■ WHAT THE EXERCISE ASKS
Data follows below. Repeat exactly the lines between the line holding "Capsule has three" and the line holding "商品名称:六巷胡同 2026春夏新款韩系花边款卡通40支13070全棉四件套(第二系列)-风格二 花边费尔岛狗狗", inclusive, and nothing more; drop pictures.

■ DATA FOR REVIEW
◇ ◇ ◇ ◇

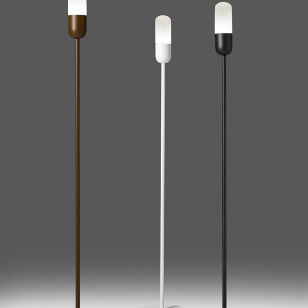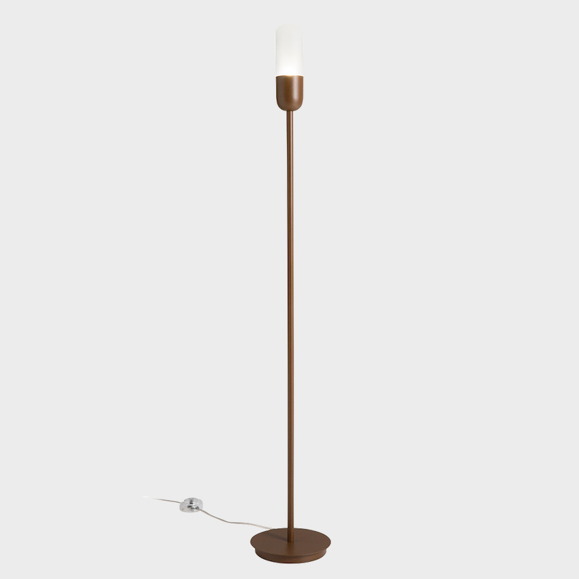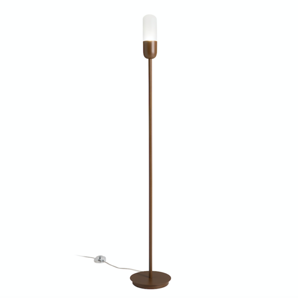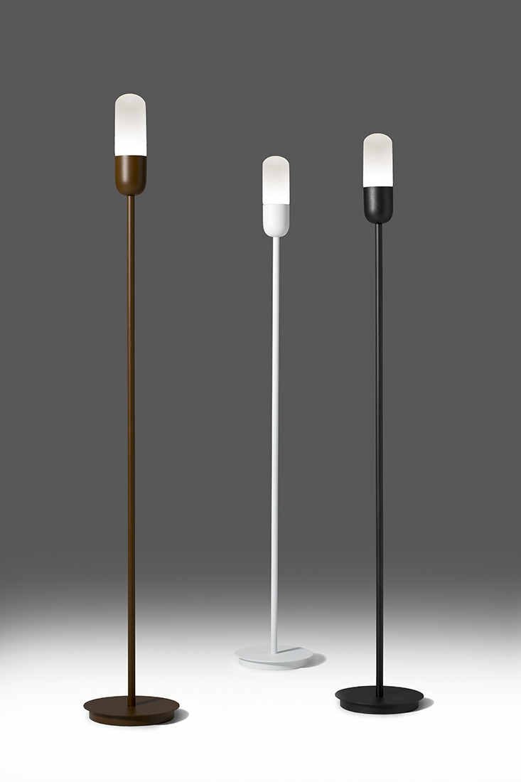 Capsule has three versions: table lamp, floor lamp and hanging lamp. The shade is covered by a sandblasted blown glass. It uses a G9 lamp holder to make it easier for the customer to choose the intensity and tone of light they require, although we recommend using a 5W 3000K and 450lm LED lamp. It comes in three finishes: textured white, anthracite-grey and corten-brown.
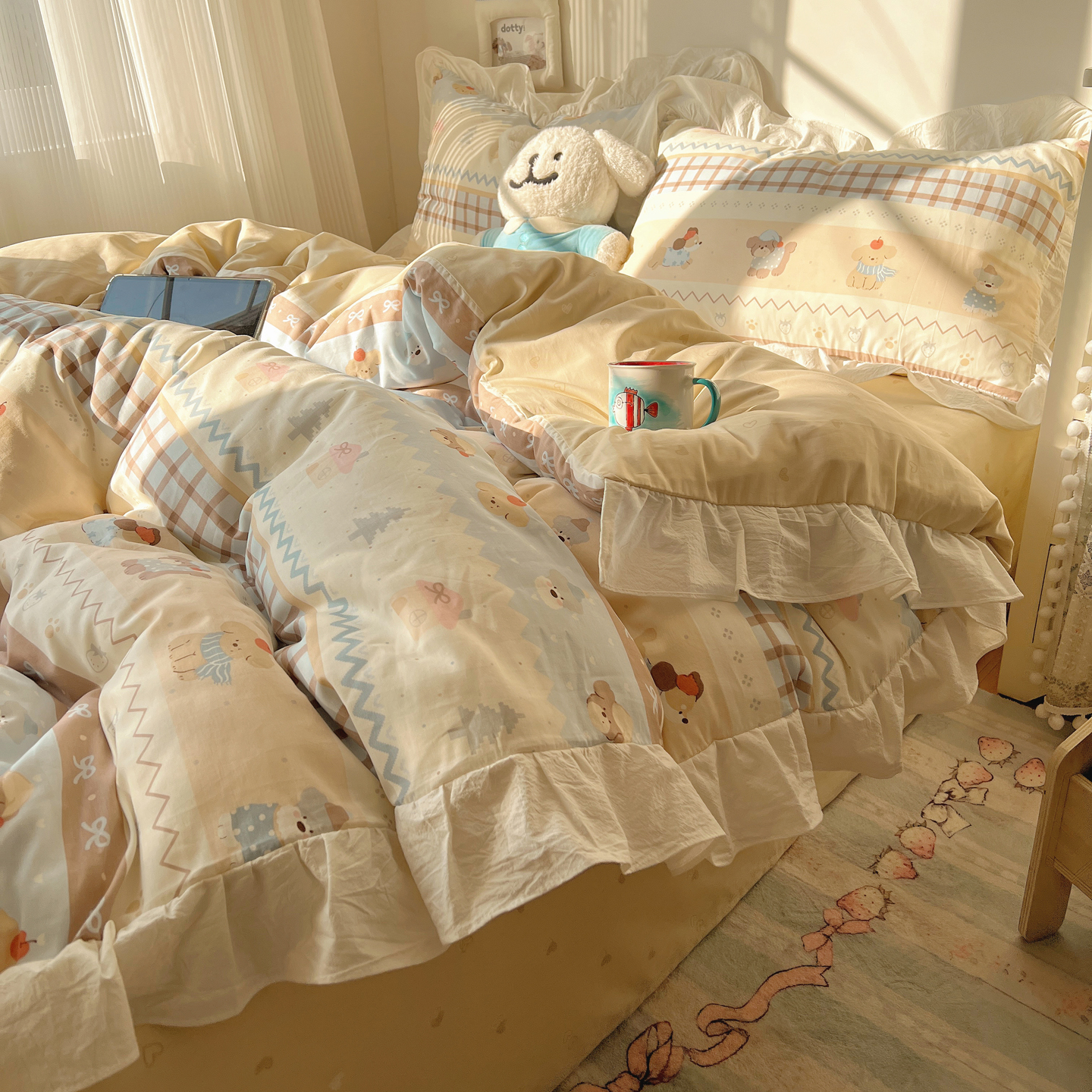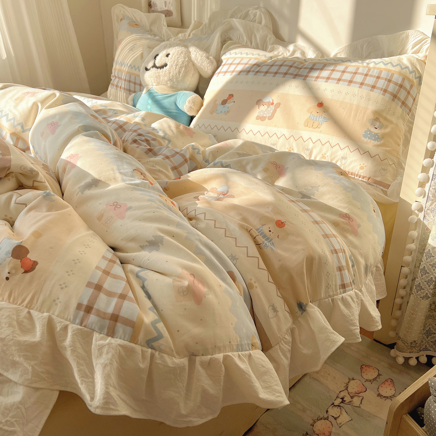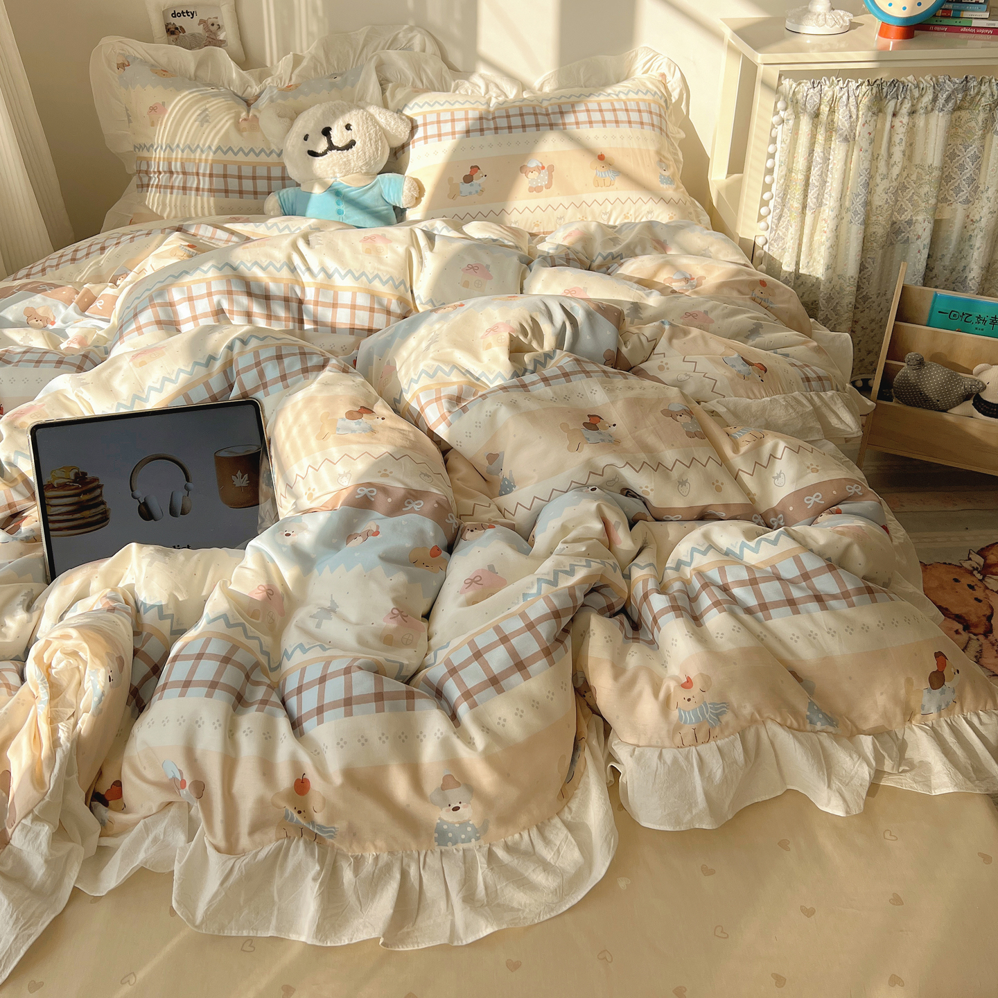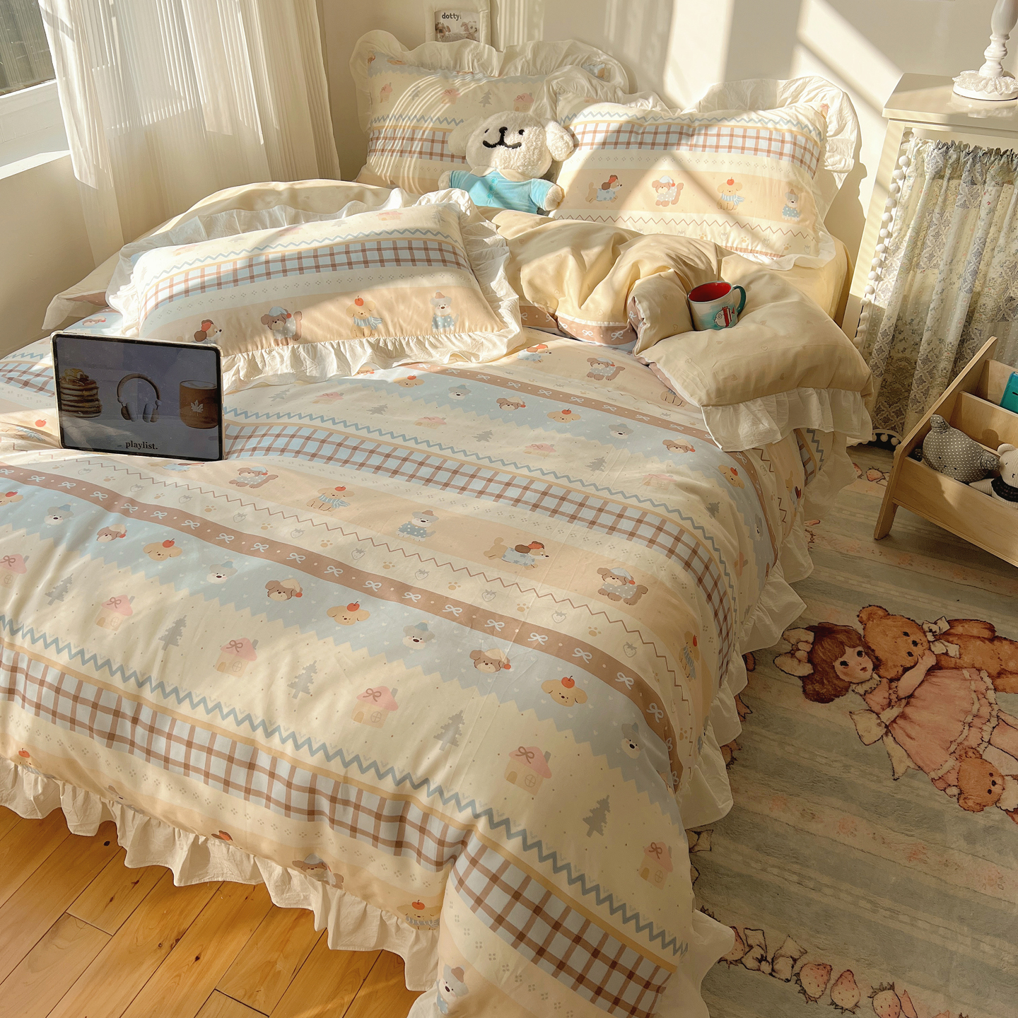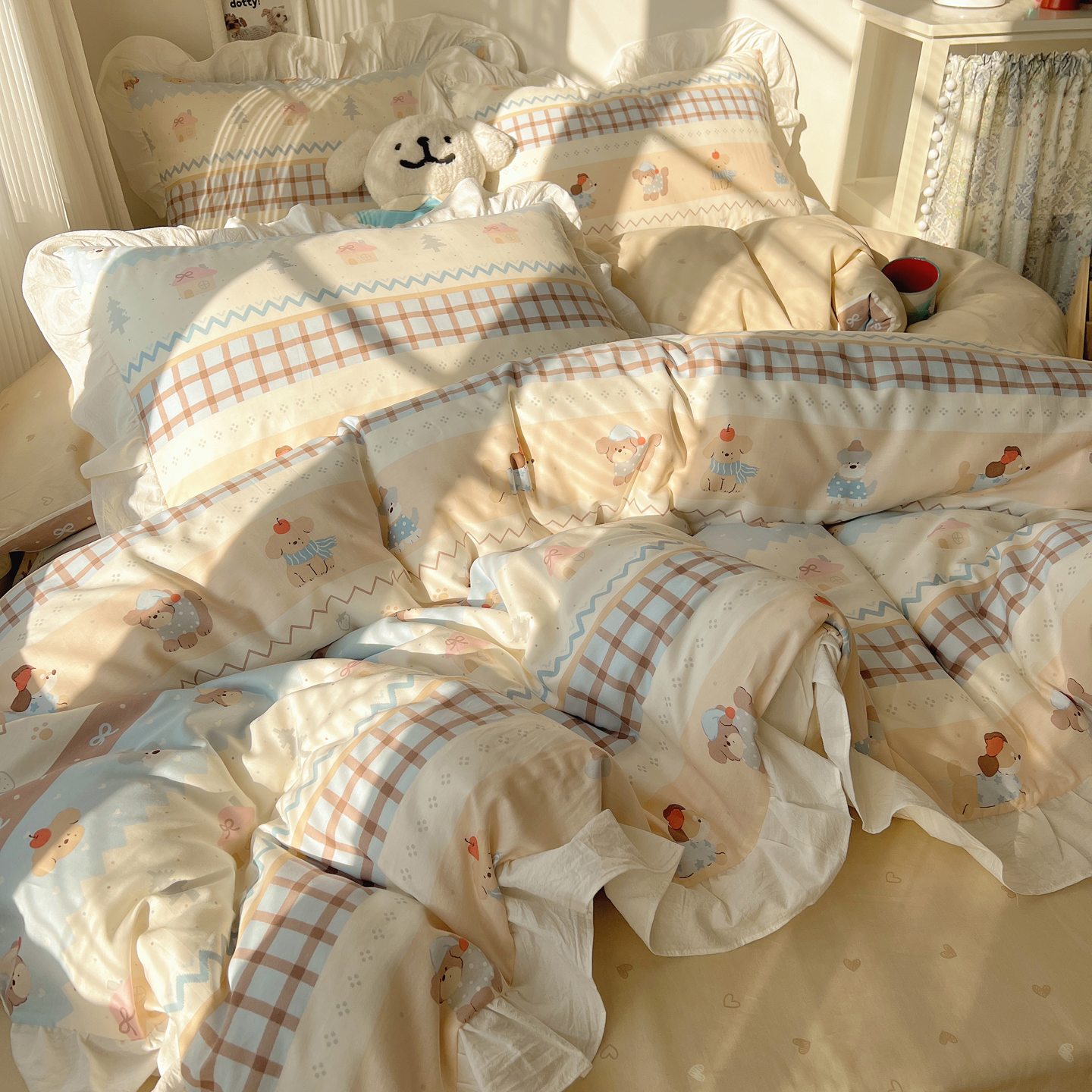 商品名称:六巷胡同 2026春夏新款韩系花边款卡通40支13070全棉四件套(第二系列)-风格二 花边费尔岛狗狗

◇ ◇ ◇ ◇

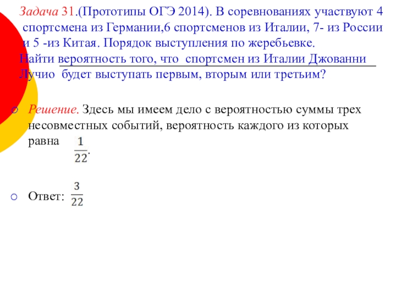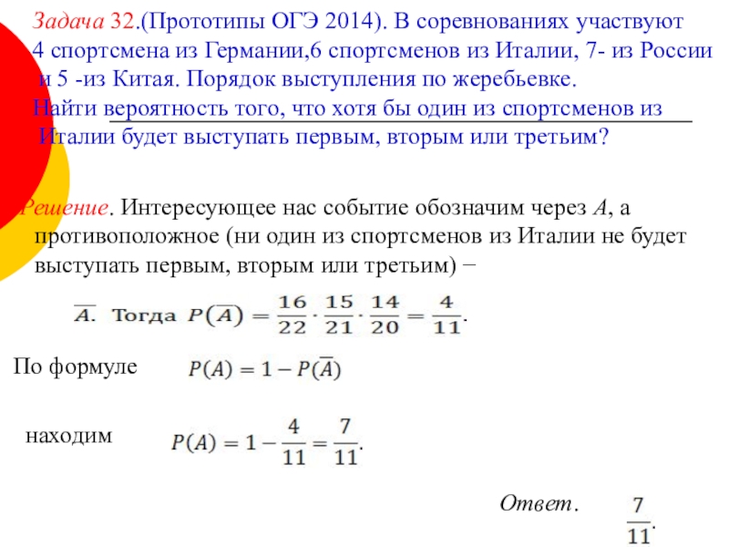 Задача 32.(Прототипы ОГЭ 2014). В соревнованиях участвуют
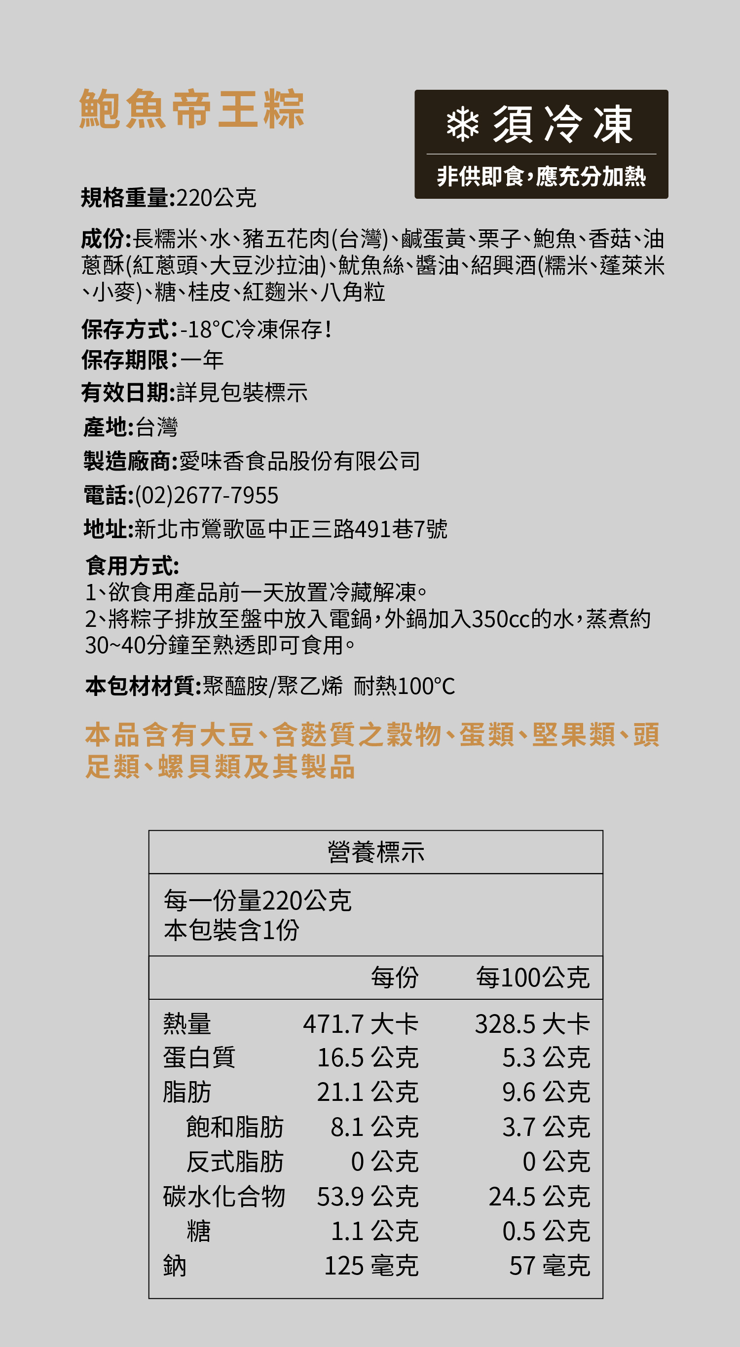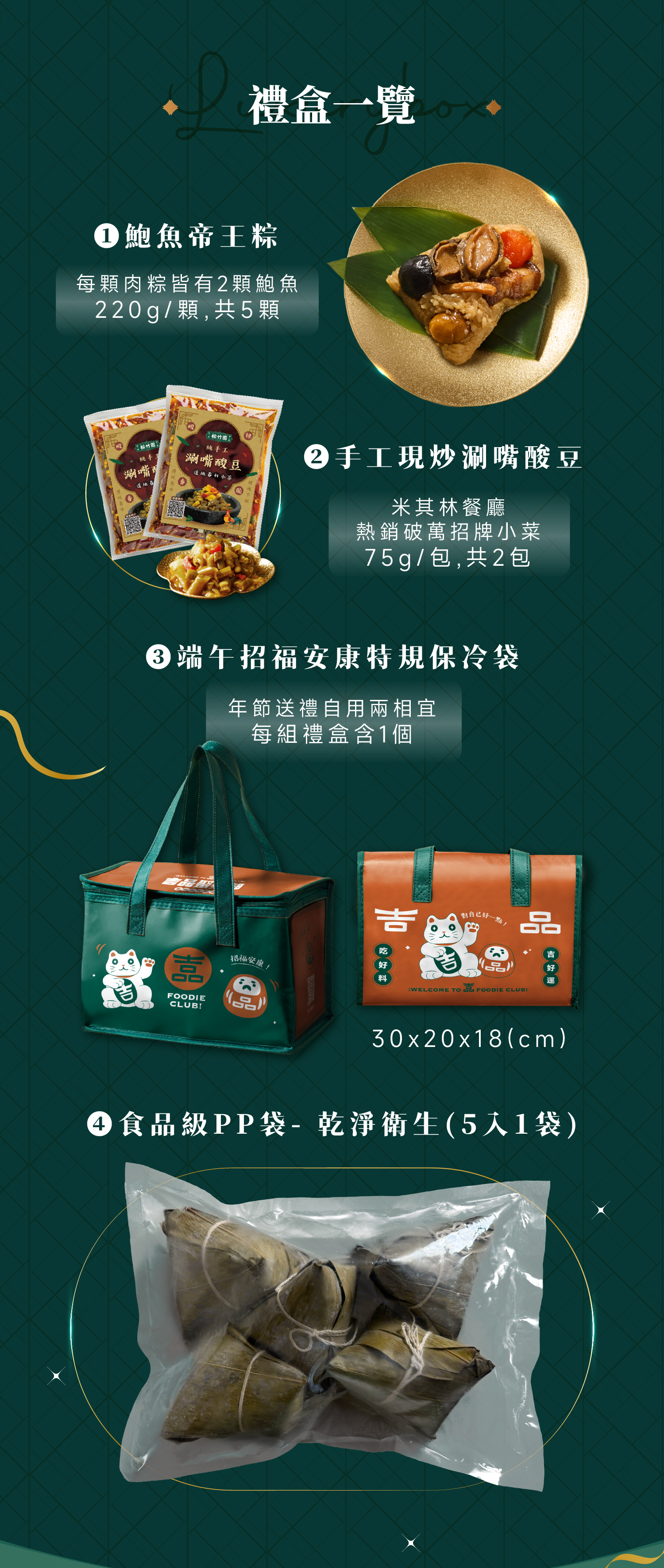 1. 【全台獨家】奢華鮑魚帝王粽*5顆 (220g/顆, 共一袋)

◇ ◇ ◇ ◇

■ SOLUTION TO THE PROBLEM
 Capsule has three versions: table lamp, floor lamp and hanging lamp. The shade is covered by a sandblasted blown glass. It uses a G9 lamp holder to make it easier for the customer to choose the intensity and tone of light they require, although we recommend using a 5W 3000K and 450lm LED lamp. It comes in three finishes: textured white, anthracite-grey and corten-brown.
 商品名称:六巷胡同 2026春夏新款韩系花边款卡通40支13070全棉四件套(第二系列)-风格二 花边费尔岛狗狗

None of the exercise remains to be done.